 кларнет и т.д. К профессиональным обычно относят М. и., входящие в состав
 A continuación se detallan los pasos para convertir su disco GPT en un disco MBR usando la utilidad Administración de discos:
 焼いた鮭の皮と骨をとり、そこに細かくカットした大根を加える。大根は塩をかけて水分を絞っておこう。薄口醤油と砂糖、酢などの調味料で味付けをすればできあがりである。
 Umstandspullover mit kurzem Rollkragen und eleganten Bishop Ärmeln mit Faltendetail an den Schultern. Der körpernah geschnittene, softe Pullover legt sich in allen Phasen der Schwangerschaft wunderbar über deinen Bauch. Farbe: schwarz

==

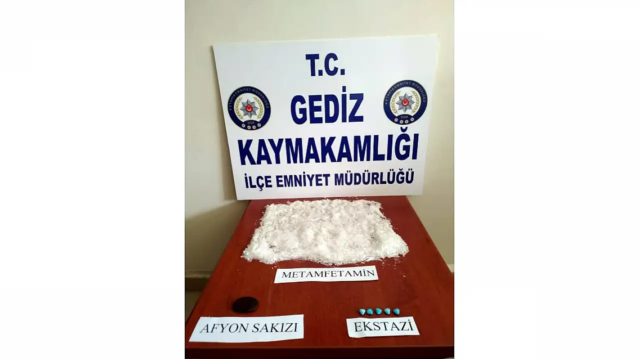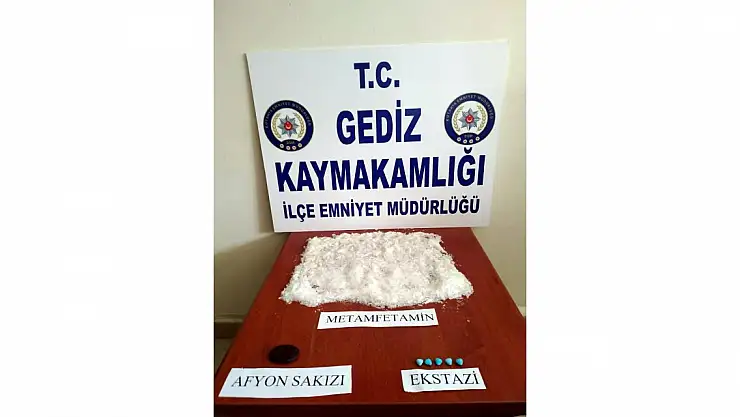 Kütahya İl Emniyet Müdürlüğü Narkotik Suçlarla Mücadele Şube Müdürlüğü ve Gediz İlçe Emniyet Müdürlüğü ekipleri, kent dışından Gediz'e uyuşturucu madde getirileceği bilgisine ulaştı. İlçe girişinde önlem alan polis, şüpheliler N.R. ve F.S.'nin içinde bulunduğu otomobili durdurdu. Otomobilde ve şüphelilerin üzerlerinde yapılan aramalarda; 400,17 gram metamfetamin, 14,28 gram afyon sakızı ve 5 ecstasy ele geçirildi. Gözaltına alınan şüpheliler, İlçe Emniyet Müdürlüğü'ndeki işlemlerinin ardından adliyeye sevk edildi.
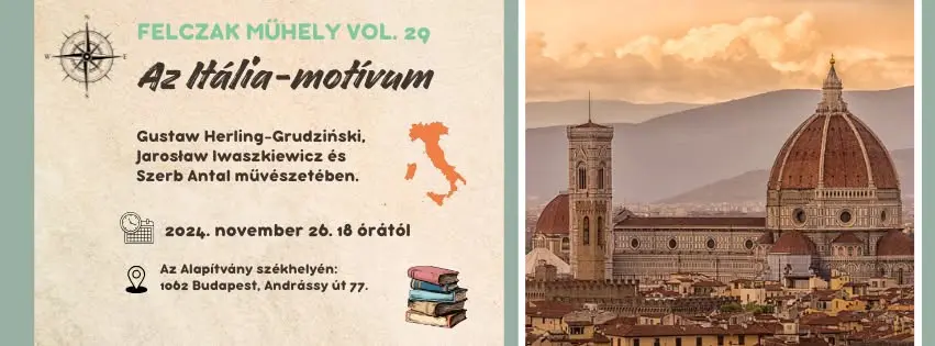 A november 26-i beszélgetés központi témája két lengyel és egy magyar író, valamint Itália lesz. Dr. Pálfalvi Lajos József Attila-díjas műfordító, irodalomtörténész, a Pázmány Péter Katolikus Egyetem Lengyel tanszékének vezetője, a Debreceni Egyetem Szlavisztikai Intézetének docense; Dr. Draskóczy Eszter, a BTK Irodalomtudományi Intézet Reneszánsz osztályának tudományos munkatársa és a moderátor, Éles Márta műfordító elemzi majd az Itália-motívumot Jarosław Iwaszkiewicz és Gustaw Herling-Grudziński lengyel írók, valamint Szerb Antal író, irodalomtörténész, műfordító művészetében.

Exercise brief: Starting at the line above that contains "кларнет и т.д.", repeat each line exactly up to and including the line that contains "焼いた鮭の皮と骨をとり、そこ", and stop there.

Expected answer:
 кларнет и т.д. К профессиональным обычно относят М. и., входящие в состав
 A continuación se detallan los pasos para convertir su disco GPT en un disco MBR usando la utilidad Administración de discos:
 焼いた鮭の皮と骨をとり、そこに細かくカットした大根を加える。大根は塩をかけて水分を絞っておこう。薄口醤油と砂糖、酢などの調味料で味付けをすればできあがりである。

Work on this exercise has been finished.